От пристального взгляда эмира тот поежился. Однако нити рассказа не упустил, продолжил, как задумал.
— Уже почти два года я на твоей службе, великий эмир. И перстень этот два года хранил, берег в глубочайшей тайне. Сам понимаешь, откройся мой секрет, не сносить бы головы. Вот вдвоем с сыном и бежали... А весть моя такая: главного ханского знаменщика взял я под твое милосердное покровительство.
— Хы... — сказал эмир и даже привстал с места.— Ну-ка, повтори!
— Да, великий хазрет, да! В самый разгар боя этот мой земляк повалит на землю главное знамя Тохтамыша. А ханские войска, увидев, что знамя повержено, поймут это как поражение. Их поражение — твоя победа...
Тимур долго сидел молча. Услышанная весть — еще одно подтверждение предсказанию звездочета! Он знал, что у него в войсках Тохтамыша есть свои люди, но на такое не рассчитывал. Если слова этого проныры окажутся правдой, какая же подмога будет его отважным туменам! Да, аллах одобряет его поход, благословляет каждый его поступок, каждое его решение, дает ему силы!..
Очнувшись от покашливания Мухаммеда, эмир пробормотал молитву и провел руками по лицу.

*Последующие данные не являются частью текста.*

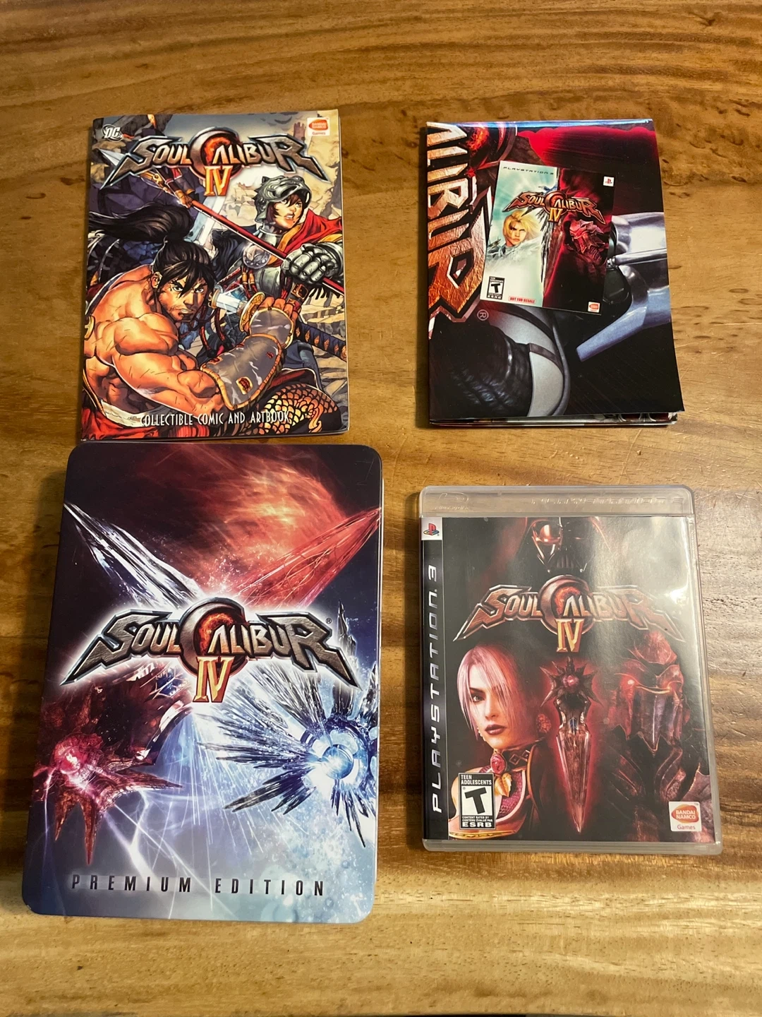 This lot includes the Soulcalibur IV Premium Edition for PlayStation 3 and a collectible comic and artbook. The game features the characters and world of Soulcalibur IV. The artbook contains illustrations and comic stories related to the game.
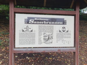 Der Weg führte vom Wanderparkplatz hinunter nach Kothen. Hier machten wir kurz Rast an dem Sauerbrunnen. Weiter über ständig leichtem bis mittelschwerem Anstieg erreichten wir nach ca. 2 Stunden den Aussichtsturm an der Mottener Haube.
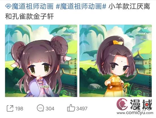 不过,这次Q版的师姐公布之后,评论区却遭到了吐槽,理由就是师姐江厌离的羊角丸子头引发的,粉丝们觉得这次的画师太过敷衍,把动漫里善良可爱的师姐画崩了。
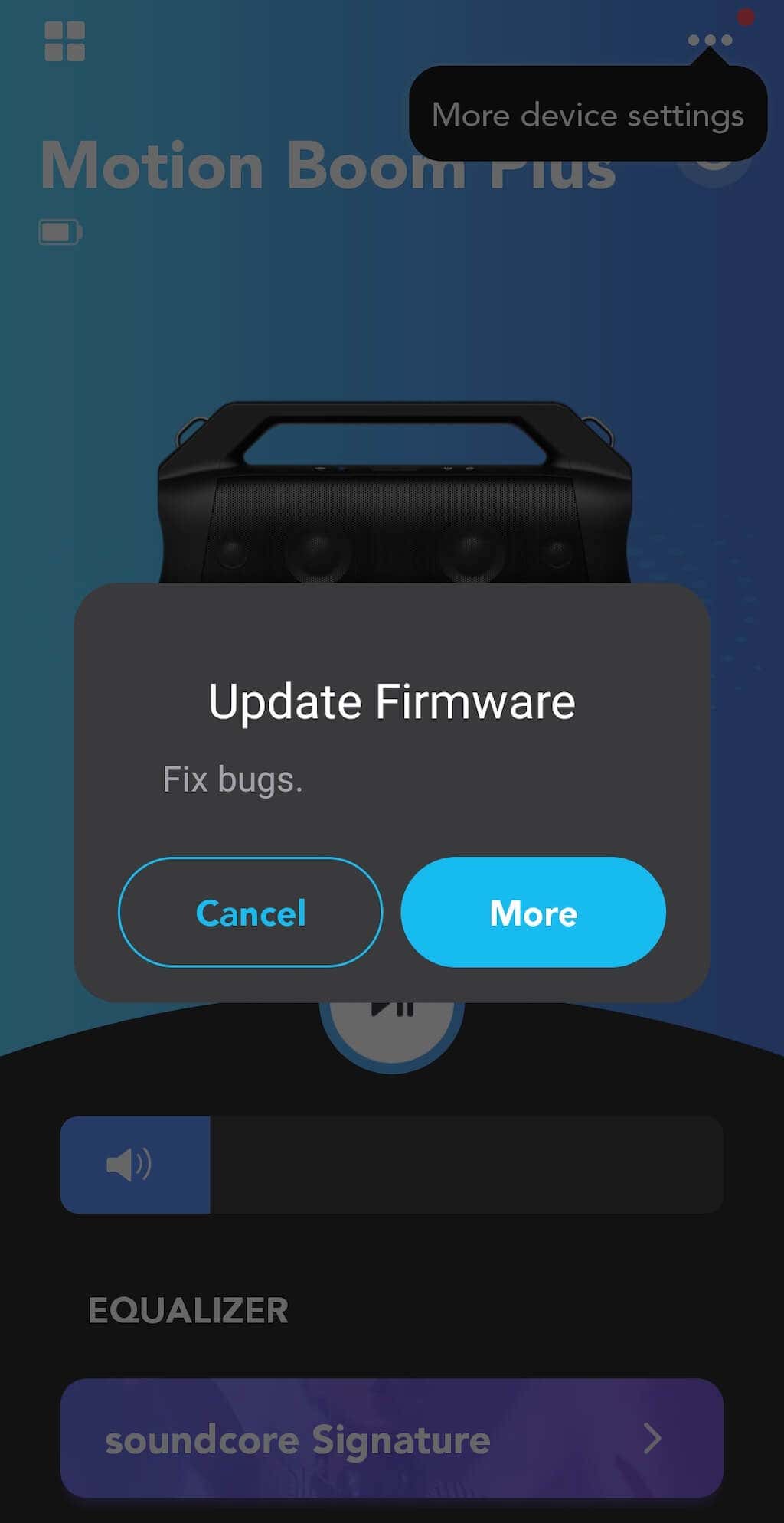 Soundcore has an app that supports their headphones and speakers. It’s available for Android and iOS, and we recommend downloading it first thing after unpacking your Motion Boom Plus.
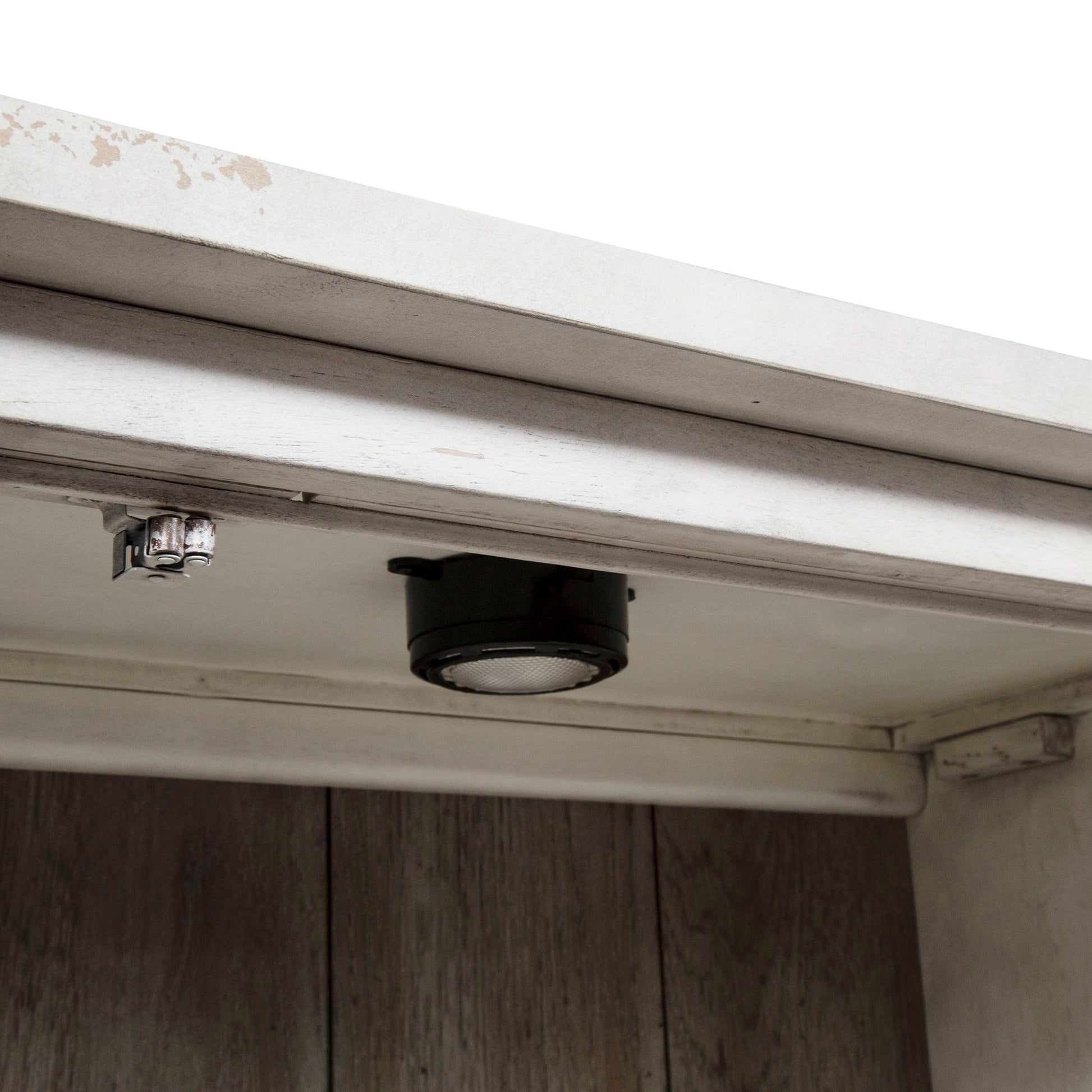 Invite an English country charm into your home with the Whitney display cabinet. Crafted of rubberwood solids with oak veneers, this piece features wooden drawer glides, felt lined top and center drawers to protect contents, a gallery top, planked back panel in a weathered grey finish, two wood framed glass shelves behind the two wood framed glass doors, touch lighting to illuminate the display, five bottom storage drawers, turned bun feet, and is accented by wooden knob hardware with metal inserts. The antique linen and weathered gray finish gives this group an heirloom appeal.
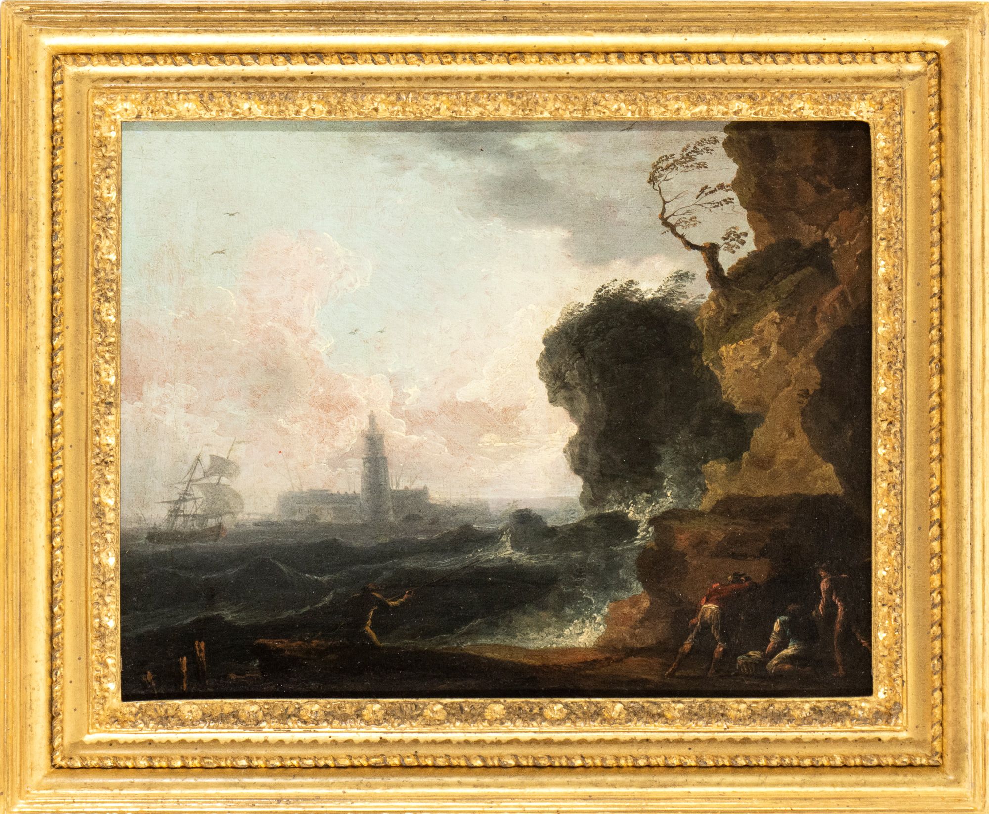 a) Marina with reef, shipwrecks and citadel in the background; b) Marina with fishermen, galley and lighthouse. Pair of paintings a) Oil on canvas; b) oil on canvas laid on panel a) 30x41,5 cm. Framed; b) 30x39 cm. Framed Private collection, Rome
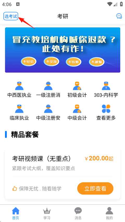 2、进入首页后您也可以在左上角点击选考试切换想要学习的板块分类;
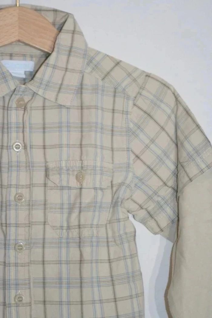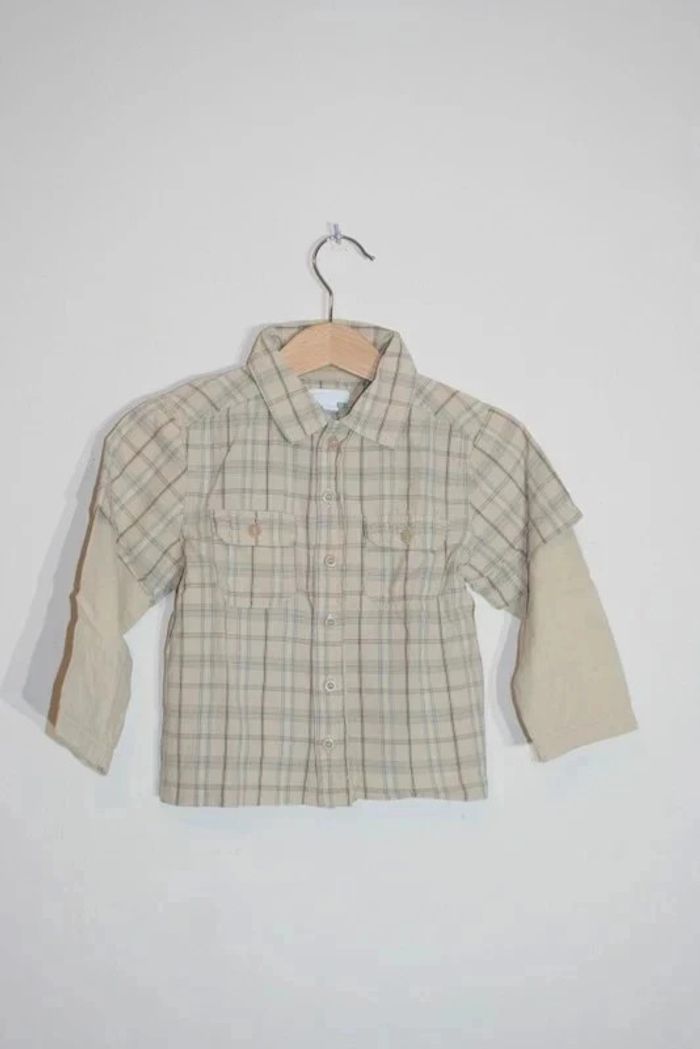 Chemise à carreaux beige marque Obaibi de chez Okaidi, doublure tee-shirt sur les manches, taille 23m, 90g

— Когда я по милости аллаха разобью вора Тохтамыша, предстанешь предо мной, как тебя... Мухаммед-мирза. За верность дам тебе сердечное свое благословение и столько богатства, что на всю твою жизнь хватит и потомкам еще останется...
Когда перебежчики вышли, он хлопнул в ладоши. И ладонь еще от ладони не отнялась — вошел начальник охраны.
— Окажи уважение, устрой гостей на отдых. Но... и глаз с них не спускай!
Когда лег, долго не мог уснуть. Думал о том, как повсюду верные лазутчики с тысячами уловок, вопреки
смертельной опасности, собирают для него сведения — и все благодаря его мощи. Все боятся его гнева, любой готов отдать за своего эмира жизнь. Иначе и быть не должно. Он — Разящий Меч Аллаха, защита ислама. Всему миру известна справедливость великого Тимура-Гурагана, его милосердие и беспощадность к врагам, его верность святому пути истинной веры, с которого он никогда не сходил. И все страны, которые под его рукой, все соседи, даже сыновья и внуки, и все войско, от самых знаменитых его сардаров до самого последнего ратника, любой из них в каждую минуту живет между надеждой и страхом. Так думал он. И еще раз уверился в том. Недаром же трус Тимут-Кутлуг и коварный темник Едигей, в надежде после разгрома Тохтамыша залезть на престол Золотой Орды, примкнули к войскам великого эмира. Очень уж хочется при дележе добычи утянуть кус пожирней.
А башкирский бей Богара? И этот тоже меж надеждой и страхом мечется. С одной стороны, хочет скинуть власть Орды, надеется создать свое собственное государство, встать в один ряд с сильными правителями и ханами. С другой стороны — и Тимура боится, и Тохтамыша. Да, щекотливое положение у бея. Сразу на двух коней хочет сесть. Если же в предстоящей битве Тохтамыш возьмет верх — дни башкирского улуса сочтены, Орда утопит его в крови. Оттого и бережет войско, прислал только две тысячи всадников. Хочет уверить Тимура: видишь, мол, и войско дал, и скот на убой пригнал, твою сторону держу.
Да, хитрый, видно, человек этот бей. Хитрец, хитрец... Норовит, целясь криво, попасть прямо, рассчитывает снять шкуру со зверя, убитого другим. Ну, это еще посмотрим. Когда его, Тимура, войска разобьют врага и войдут в башкирские земли, Богара сам придет и склонит перед ним голову. Ничего другого ему не остается. С Ордой в мире ему больше не жить. Конечно, долго быть здесь Тимур не собирается. Самые высокие его помыслы связаны с Индией и Китаем. Вот с помощью аллаха побьет он Тохтамыша, сломает ему хребет, так что он и головы больше поднять не сможет. И, оставив его издыхать, повернет своих коней в те заветные сказочные страны. А с этой по милости Орды вконец обнищавшей степью ему возиться некогда. Пусть дерутся башкиры с раненым зверем, пусть добивают друг друга. Это ему, великому эмиру, лишь на пользу.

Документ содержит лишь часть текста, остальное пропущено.